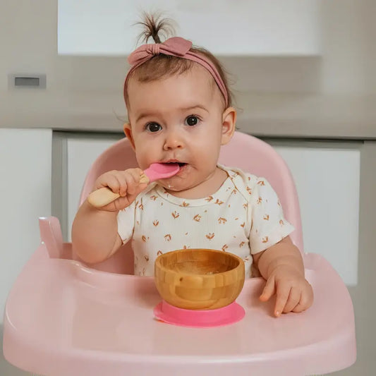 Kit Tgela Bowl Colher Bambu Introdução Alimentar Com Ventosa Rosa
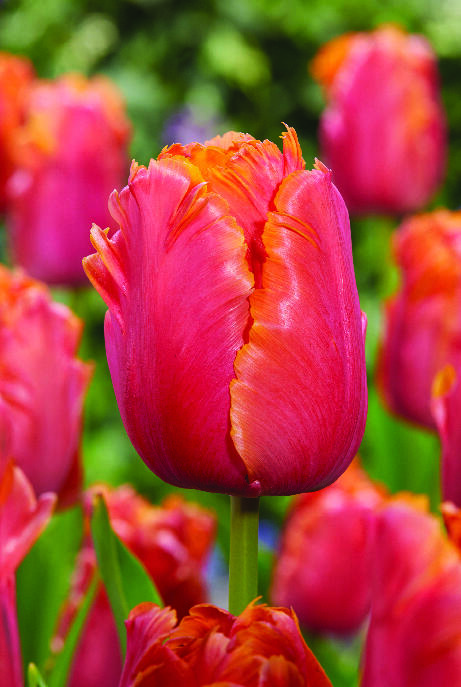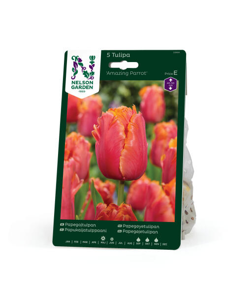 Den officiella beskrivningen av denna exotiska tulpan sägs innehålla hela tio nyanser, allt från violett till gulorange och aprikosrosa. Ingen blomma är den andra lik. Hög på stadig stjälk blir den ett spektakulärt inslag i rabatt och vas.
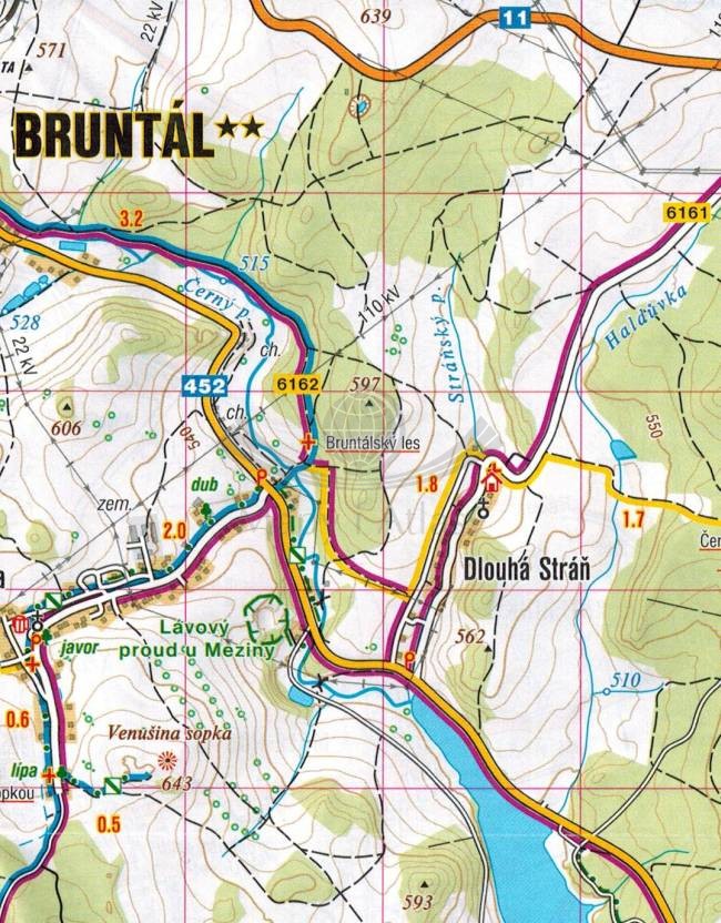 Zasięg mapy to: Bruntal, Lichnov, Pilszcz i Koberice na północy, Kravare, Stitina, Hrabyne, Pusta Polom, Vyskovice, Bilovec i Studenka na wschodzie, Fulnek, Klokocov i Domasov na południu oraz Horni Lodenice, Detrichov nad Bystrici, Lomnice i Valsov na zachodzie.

▬▬▬

▸ WORK INSTRUCTION: Could you give the listing again exactly as it stands, minus any pictures?

▸ WRITTEN RESPONSE:
 Kit Tgela Bowl Colher Bambu Introdução Alimentar Com Ventosa Rosa
 Den officiella beskrivningen av denna exotiska tulpan sägs innehålla hela tio nyanser, allt från violett till gulorange och aprikosrosa. Ingen blomma är den andra lik. Hög på stadig stjälk blir den ett spektakulärt inslag i rabatt och vas.
 Zasięg mapy to: Bruntal, Lichnov, Pilszcz i Koberice na północy, Kravare, Stitina, Hrabyne, Pusta Polom, Vyskovice, Bilovec i Studenka na wschodzie, Fulnek, Klokocov i Domasov na południu oraz Horni Lodenice, Detrichov nad Bystrici, Lomnice i Valsov na zachodzie.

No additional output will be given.